Há 88 anos, num 3 de setembro, numa casa nos arredores de Paris, 30 delegados representando 12 países se reuniam para tomar uma decisão crucial, fundar uma nova internacional operária.

Na base de uma texto programático escrito por Leon Trotsky desde seu exílio no México, “A Agonia do Capitalismo e as Tarefas da Quarta Internacional – A mobilização das massas em torno das reivindicações transitórias como preparação para a tomada do poder”, o Programa de Transição, decidiram fundar a 4ª Internacional.

Pelos grupos sul-americanos, compareceu à Conferência de Fundação da 4ª Internacional Mário Pedrosa, cognome Lebrum.

Em plena “meia-noite no século”, aquele punhado de militantes, premidos entre o fascismo e o domínio stalinista, remanescentes de um rosário de mortos tanto pela GPU stalinista quanto pela repressão nazifascista, decidiram que por mais precária que fosse sua condição, era necessário estabelecer e proteger o fio de continuidade do programa revolucionário: “o partido é o programa”.
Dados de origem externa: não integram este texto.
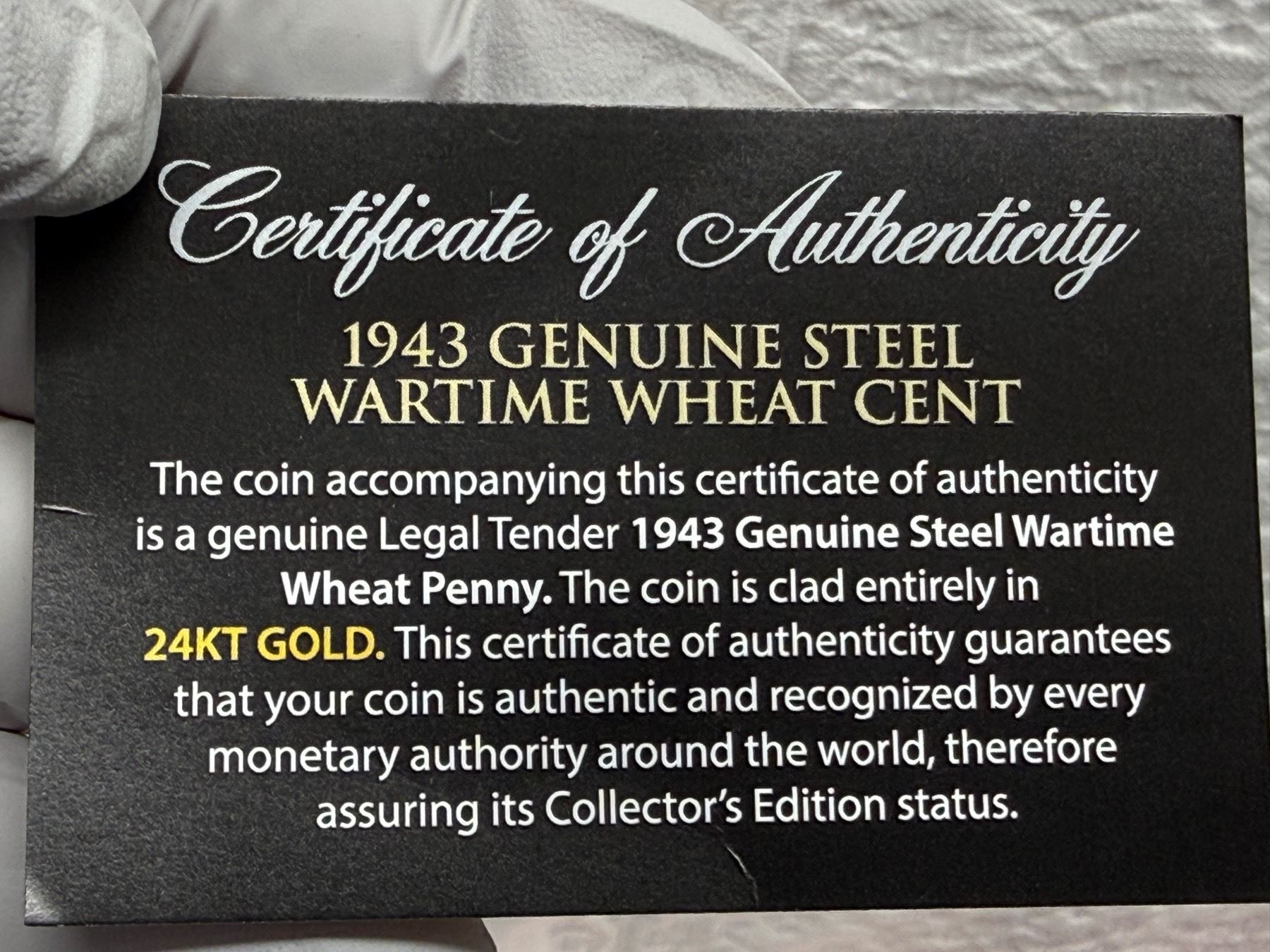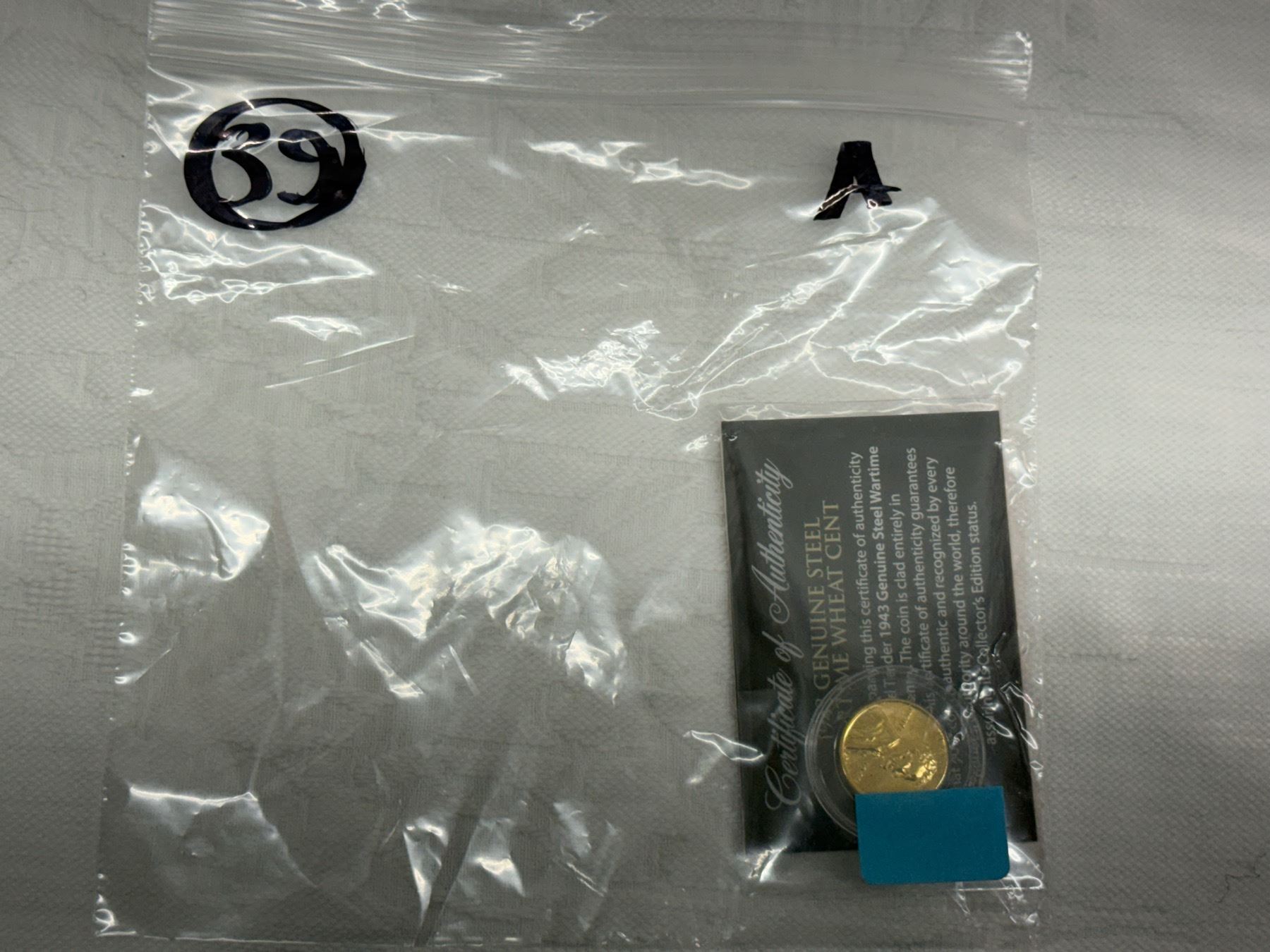 Lot 39 LINCOLN WHEAT PENN, PLATED IN 24-KARAT GOLD - 1943

Exilados da propria classe, sob fogo dos serviços secretos, a 4ª Internacional sofreu um golpe maior com o assassinato de Trotsky em 1940, praticado por um agente de Stalin.
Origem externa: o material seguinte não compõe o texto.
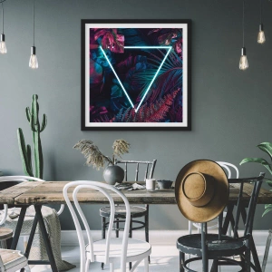 Poster in einem schwarzem Rahmen - Ein Neondreieck, umgeben von tropischen Blättern in dunklen Farben. - 100x70cm - Garten im Disco-Stil - Moderne Wanddekoration für Wohnzimmer und Schlafzimmer ARTTOR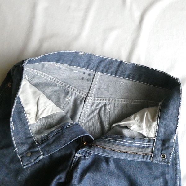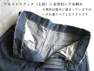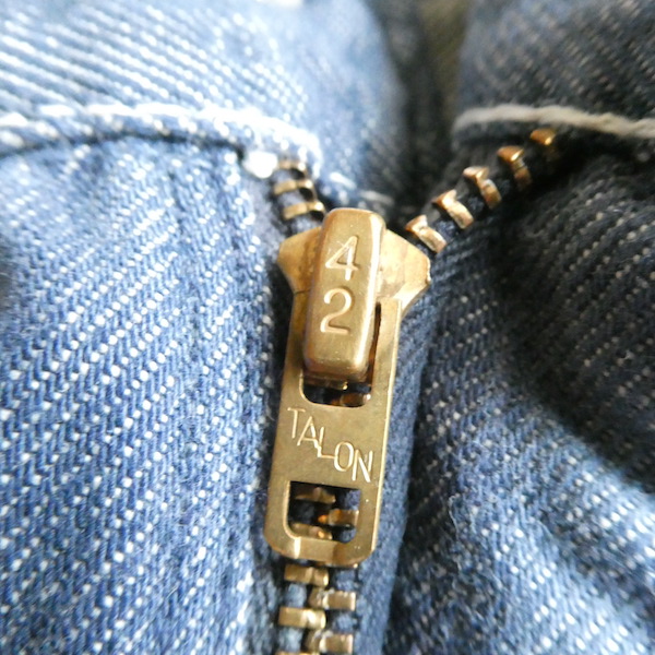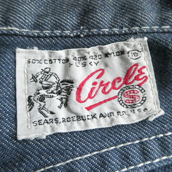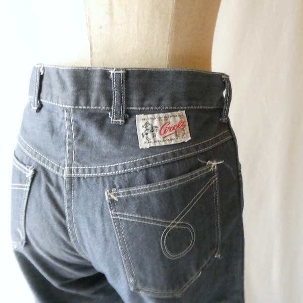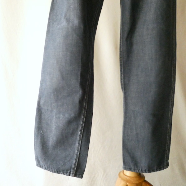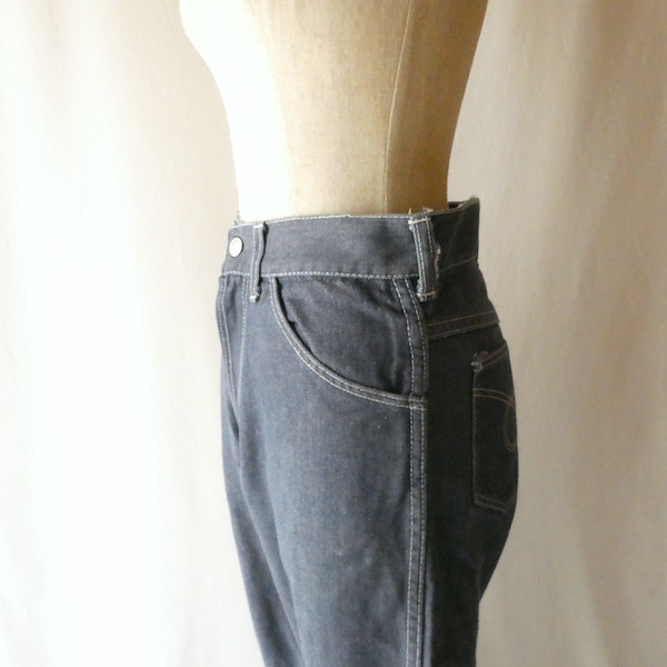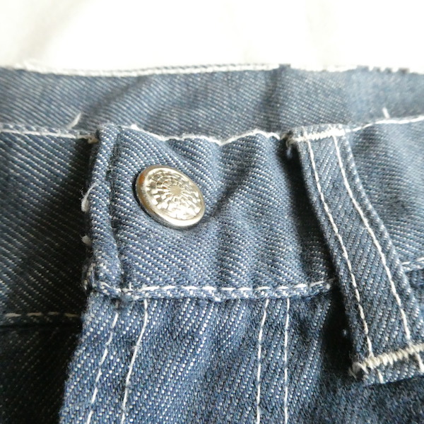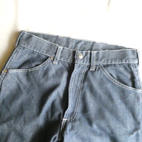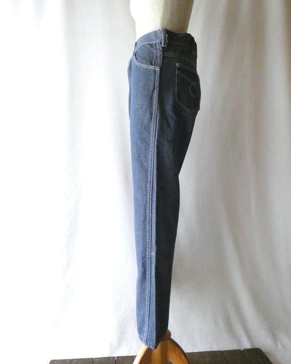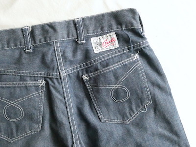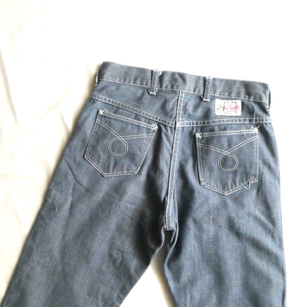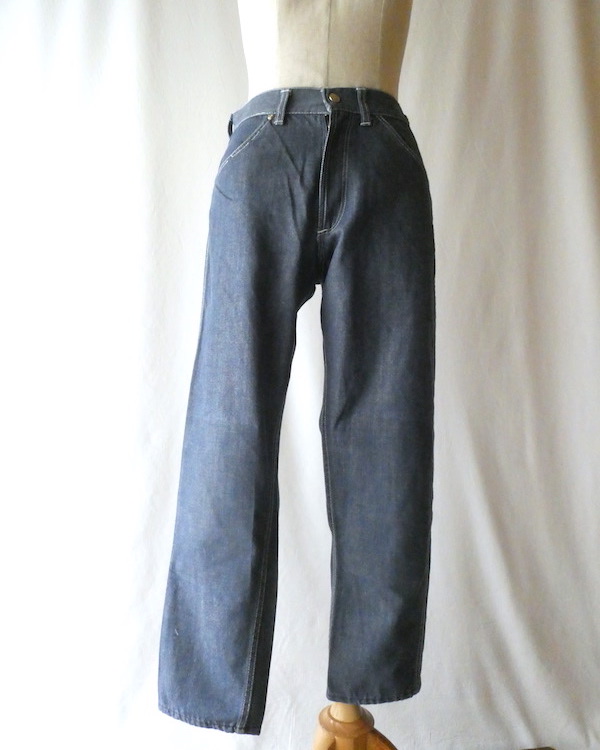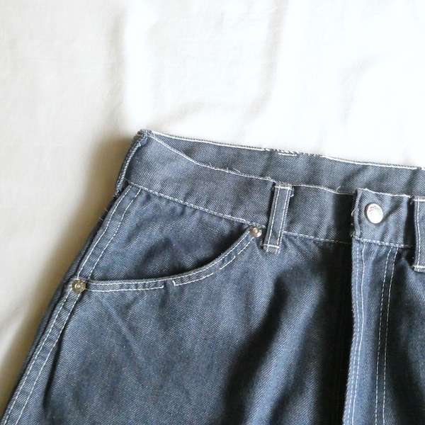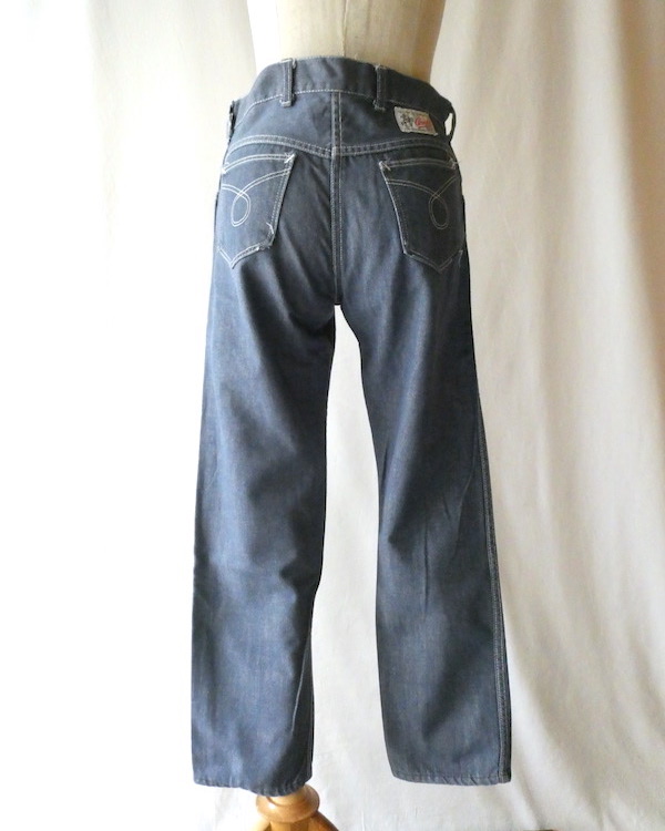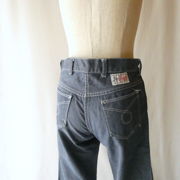 searsのデニム。コットンナイロン素材で、少しパリッとした質感のデニムです。青みが少ない暗めのカラーと白糸の混じりにホワイトステッチ。前右ポケットにだけリベットが付きます。プレーンなシルエットで、どんなテイストのアイテムとも馴染んでくれる1本です。裏側に充布のアイロンパッチがついていた跡があります(破れ等はありませんが、表側から見ると少し跡がわかります。トルソー画像等でも目立ち具合をご確認ください)

Conscientes da guerra que se aproximava (a 4ª foi a primeira a publicar um Manifesto de Alarme, prevenindo a classe trabalhadora da guerra), a 4ª Internacional agiu sob os princípios operários da luta contra a guerra imperialista. Dezenas de seus militantes, inclusive os que agiram clandestinamente dentro do proprio exército alemão, foram executados.
O combate dos trotskistas pela organização independente da classe trabalhadora na via da revolução proletária, põe no centro hoje a luta contra a guerra, combustível vital do regime capitalista.
88 anos depois, 4ª Internacional vive e luta!